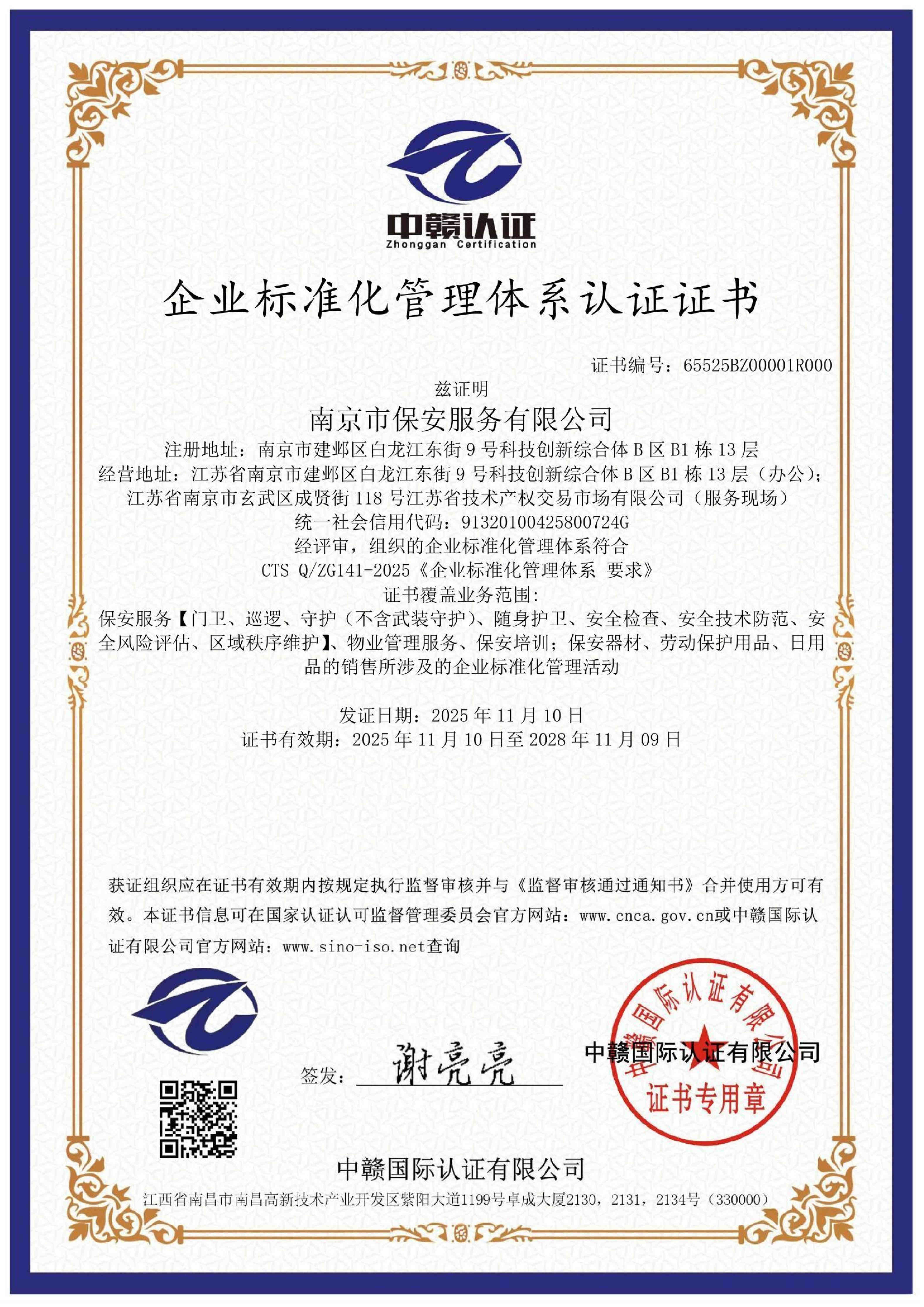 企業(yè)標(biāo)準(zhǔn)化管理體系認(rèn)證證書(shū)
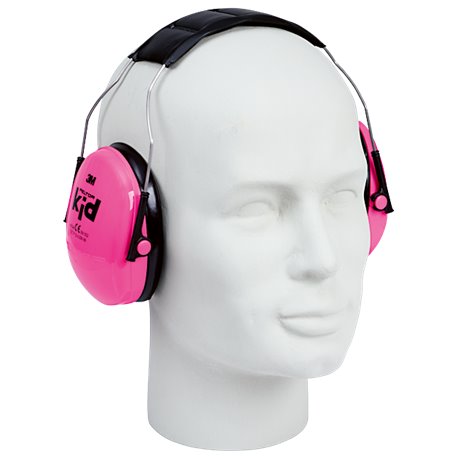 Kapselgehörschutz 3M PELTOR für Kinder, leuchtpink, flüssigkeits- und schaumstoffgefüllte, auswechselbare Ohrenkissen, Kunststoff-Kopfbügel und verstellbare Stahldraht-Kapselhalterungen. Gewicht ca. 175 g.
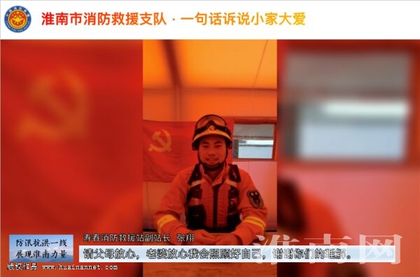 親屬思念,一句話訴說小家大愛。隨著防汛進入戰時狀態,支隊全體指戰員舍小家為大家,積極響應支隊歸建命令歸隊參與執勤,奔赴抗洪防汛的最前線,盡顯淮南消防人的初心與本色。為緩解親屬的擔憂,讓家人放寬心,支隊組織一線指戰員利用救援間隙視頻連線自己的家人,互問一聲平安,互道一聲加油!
+ + + + + + +
- What to do:
Before writing out the material above, please remove its pictures; everything else stays exact.

- Task response:
 企業(yè)標(biāo)準(zhǔn)化管理體系認(rèn)證證書(shū)
 Kapselgehörschutz 3M PELTOR für Kinder, leuchtpink, flüssigkeits- und schaumstoffgefüllte, auswechselbare Ohrenkissen, Kunststoff-Kopfbügel und verstellbare Stahldraht-Kapselhalterungen. Gewicht ca. 175 g.
 親屬思念,一句話訴說小家大愛。隨著防汛進入戰時狀態,支隊全體指戰員舍小家為大家,積極響應支隊歸建命令歸隊參與執勤,奔赴抗洪防汛的最前線,盡顯淮南消防人的初心與本色。為緩解親屬的擔憂,讓家人放寬心,支隊組織一線指戰員利用救援間隙視頻連線自己的家人,互問一聲平安,互道一聲加油!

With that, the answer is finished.